Question 19 (Trigonometry – Angle of Elevation)
A boy stands 30 m from the foot of a tree. The angle of elevation of the top of the tree from where he stands is 40°. Calculate the height of the tree, correct to one decimal place.

Answer: 25.2 m (approx.)
Explanation: Let h be the height of the tree. Then tan 40° = h/30 ⇒ h = 30 × tan 40°. Using tan 40° ≈ 0.8391, h ≈ 30 × 0.8391 = 25.173 ≈ 25.2 m.

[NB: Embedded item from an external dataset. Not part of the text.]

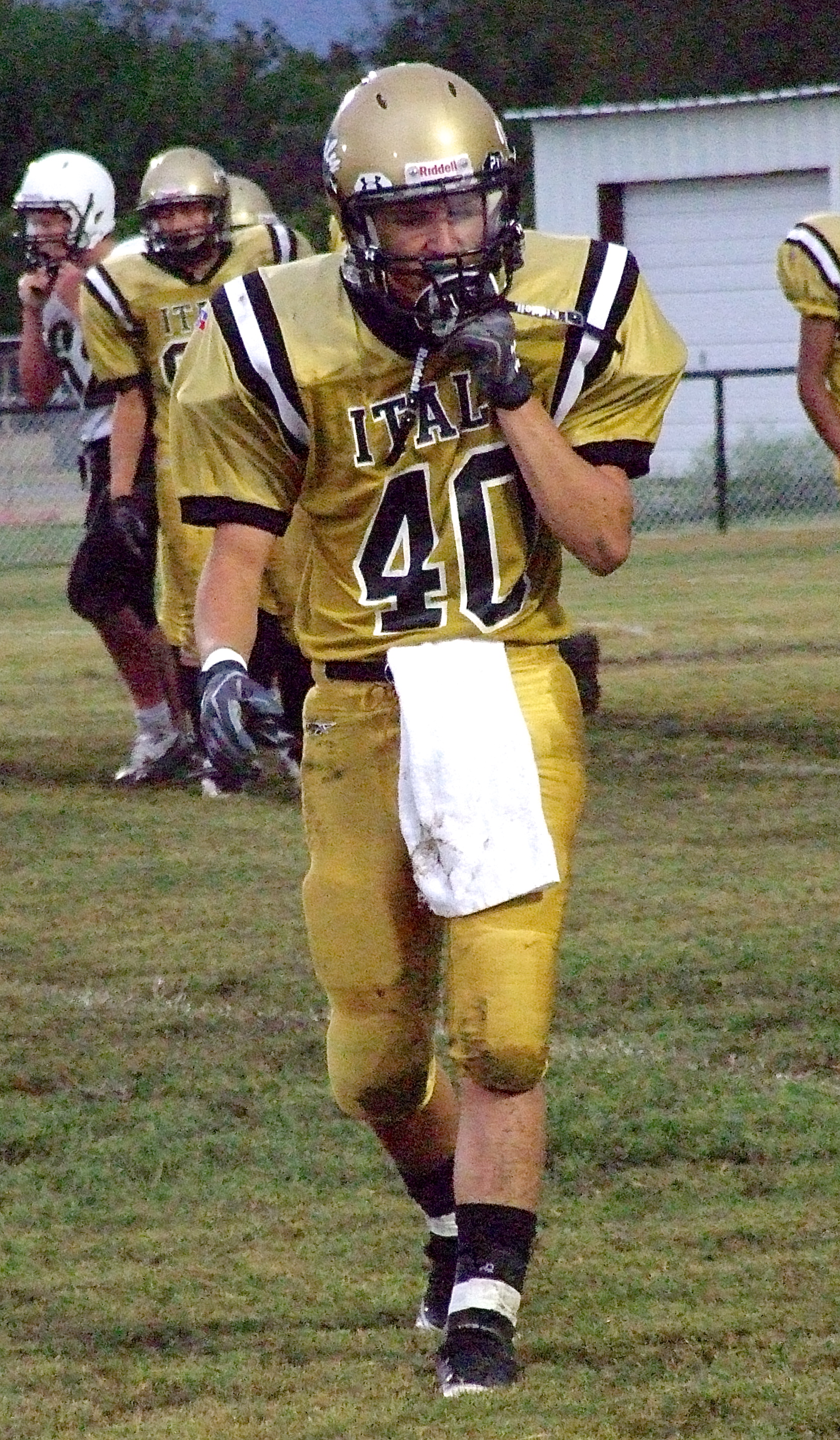 Italy JH Gladiators win on final play; JV game cut short due to bad weather « previous story album next » Colton Grant(40) returns to the sideline after the JV game gets delayed by lightning just before halftime. (Barry Byers) Download original photo

Question 20 (Statistics – Frequency Table)
The table below shows the scores of students in a test:

Score: 2    3    4    5    6
Frequency: 3    5    7    4    1

(a) How many students took the test?
(b) Find the mean score.

Answer:
(a) 20 students
(b) Mean score = 4
Explanation:
(a) Total number of students = sum of frequencies = 3 + 5 + 7 + 4 + 1 = 20.
(b) Mean = Σ(fx)/Σf. Compute fx:
2×3 = 6, 3×5 = 15, 4×7 = 28, 5×4 = 20, 6×1 = 6.
Σ(fx) = 6 + 15 + 28 + 20 + 6 = 75.
Mean = 75/20 = 3.75 ≈ 3.8 (to 1 d.p.). For neatness you may leave it as 3.75.

Question 21 (Mensuration – Volume)
A cylinder has radius 3 cm and height 10 cm. Find its volume. Take π = 22/7 and give your answer correct to one decimal place.

Answer: 282.9 cm³ (approx.)
Explanation: Volume = πr²h = 22/7 × 3² × 10 = 22/7 × 9 × 10 = 22/7 × 90 = (22 × 90)/7 = 1980/7 ≈ 282.857 ≈ 282.9 cm³.

Question 22 (Algebra – Quadratic)
Solve the equation x² − 5x + 6 = 0.

Answer: x = 2 or x = 3
Explanation: Factorise: x² − 5x + 6 = (x − 2)(x − 3) = 0. So x − 2 = 0 or x − 3 = 0 ⇒ x = 2 or x = 3.